To complete the theoretical analysis NMR, UV/vis as well as ECD spectra were calculated at the CAM-B3LYP/6-311G(d,p) level of theory and the effect of different solvents (THF or Et2O) were included through the polarizable continuum model (PCM) (see Supporting Information for details). The hydroxy group proton signal in the 1H NMR spectrum was found to be especially sensitive to the particular isomeric state and thus was predicted to be a powerful probe for conformational analysis.
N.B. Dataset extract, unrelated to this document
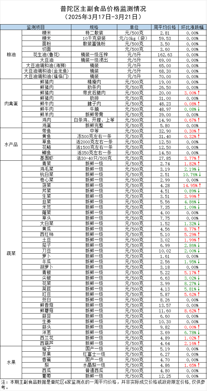 普陀区主副食品价格监测情况 (2025年3月21日)
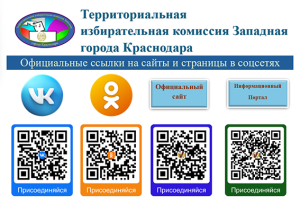 Для оперативного информирования избирателей и участников избирательного процесса созданы официальные страницы ТИК Западная г. Краснодара в социальных сетях «Вконтакте» (https://vk.ru/club237097281/) и «Одноклассники» (https://ok.ru/group/70000054606130).

UV/vis spectra report on significant electronic changes such as E or Z configuration of the central double bond and especially its braking during the constitutional alteration step. Electronic circular dichroism (ECD) spectra are highly sensitive to the particular helicity of the isomers, which would complete an unambiguous assignment of spectral species in the experiments.
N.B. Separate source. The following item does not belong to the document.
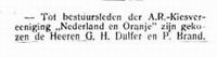 Gerrit Hendrik Dulfer (1885 - 1967) Maatschappelijke activiteiten Over zijn maatschappelijke betrokkenheid zijn alleen gegevens bekend over de periode 1919-1967 waarin hij in Ede woonde. Hendrik was actief in de hieronder genoemde organisaties. School met den Bijbel aan de Telefoonweg te Ede Hij was lid van het schoolbestuur van deze lagere school in de periode ...... Christelijke ULO school aan de Beukenlaan te Ede Hendrik was in 1922 ��n van de ondertekenaars van de oprichtingsakte voor de christelijke school voor Uitgebreid lager Onderwijs (ULO) te Ede. Hij was daarna 25 jaar secretaris/penningmeester van het bestuur. Bij zijn afscheid werd hij tot erelid benoemd en kreeg daarvoor een oorkonde (zie links). De school was gelegen aan de Beukenlaan te Ede. Zoon Henk en dochter Aukje gingen later ook naar deze school. Hendrik was jarenlang lid van de Verenigingsraad van de Nederlandse

A similar theoretical analysis was conducted for methoxy-substituted derivative 2 lacking the capacity for intramolecular hydrogen bonding. In this case the energy profile reveals that compound 2 also is a motor but adheres to the classical four-step cycle (including states A-2, B-2, C-2, and E-2) with alternating photochemical and thermal helix inversion steps. The sense of directionality is the same as in motor 1, which directly shows that hydrogen bonding in this classical rotation mechanism is not responsible for unidirectionality. Additionally, the C-2 isomer is now the global minimum and significantly less energy is stored in the metastable states B-2 (3.13 kcal/mol) and E-2 (4.84 kcal/mol). With this energy profile full unidirectionality would still be present, as the thermal helix inversion steps from B-2 to C-2 and E-2 to A-2 still lead to complete conversions and thus to effective ratcheting. Like for 1 the most stable structures A-2 and C-2 feature a syn-relation of the large i-propyl group and the aromatic methoxy group in ortho-position to the central double bond at the five membered indanone ring. It thus becomes clear that the size differences at the stereogenic center are primarily responsible for dictating the sense of directionality.
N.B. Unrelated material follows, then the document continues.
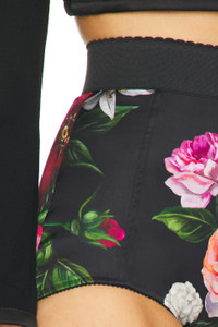 Details - Self: 68% viscose, 24% polyamide, 8% elastane - Lining: 65% silk, 24% polyamide, 11% elastane - Contrast Fabric: 55% polyester, 35% polyamide, 10% elastane - Dry clean only - Back zip closure - Elasticized waistband - Boned sides - Scalloped trim - Lightweight floral satin fabric - Made in Italy - Our Style No. DOLF-WF37 - Manufacturer Style No. FTAG1TFSIB2
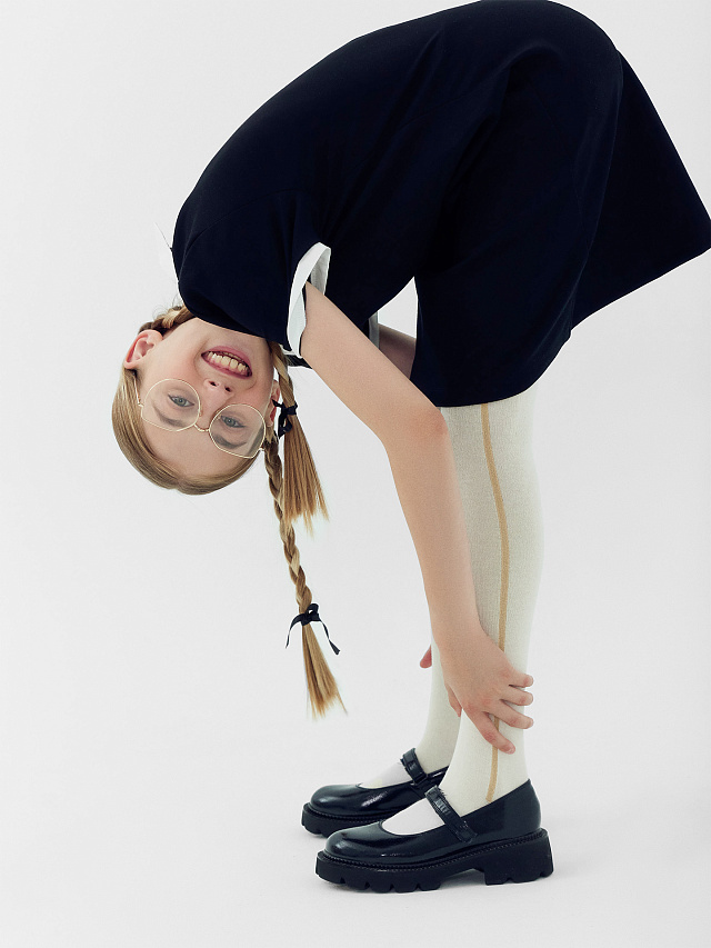 Колготки детские молочно-бежевые с рисунком в виде лампаса

Synthesis of motor 1 is described in detail in the Supporting Information and starts from commercially available 3-(2,5-dimethoxyphenyl)propanoic acid (3). After intramolecular Friedel-Crafts acylation the corresponding 4,7-dimethoxy-indanone (4) is obtained to which the i-propyl group was introduced via alpha-deprotonation and substitution with i-propyl iodide. The resulting indanone 5 was obtained in 31% yield. To our surprise prolonged treatment of 5 with base led to formation of the alpha-hydroxylated indanone 6. A similar reaction has been reported just when writing this manuscript by Crespi, Feringa, and co-workers under Lewis-acid conditions,41 which we were not aware of at the time when synthesizing our motor. After optimization a satisfactory yield of 60% was achieved when bubbling air through the solution to increase the dioxygen reactant level. A future closer examination of this reaction will reveal details about the mechanism and probe its scope, however it is already evident that the hydroxy group stems from the air’s dioxygen. Condensation of indanone 6 and benzothiophenone 7 in the presence of BCl3 gave the final motor 1 in 23% yield. Single crystals suitable for X-ray analysis could be obtained for the two stable isomers, the global minimum E-isomeric A-1 as well as for metastable Z-isomeric C-1, directly evidencing the molecular structure and intramolecular hydrogen bonding in A-1 (Fig. 3a). Deuteration experiments allowed to identify the 1H NMR signals of the OH proton in the different isomers of motor 1 directly (Fig. 3b).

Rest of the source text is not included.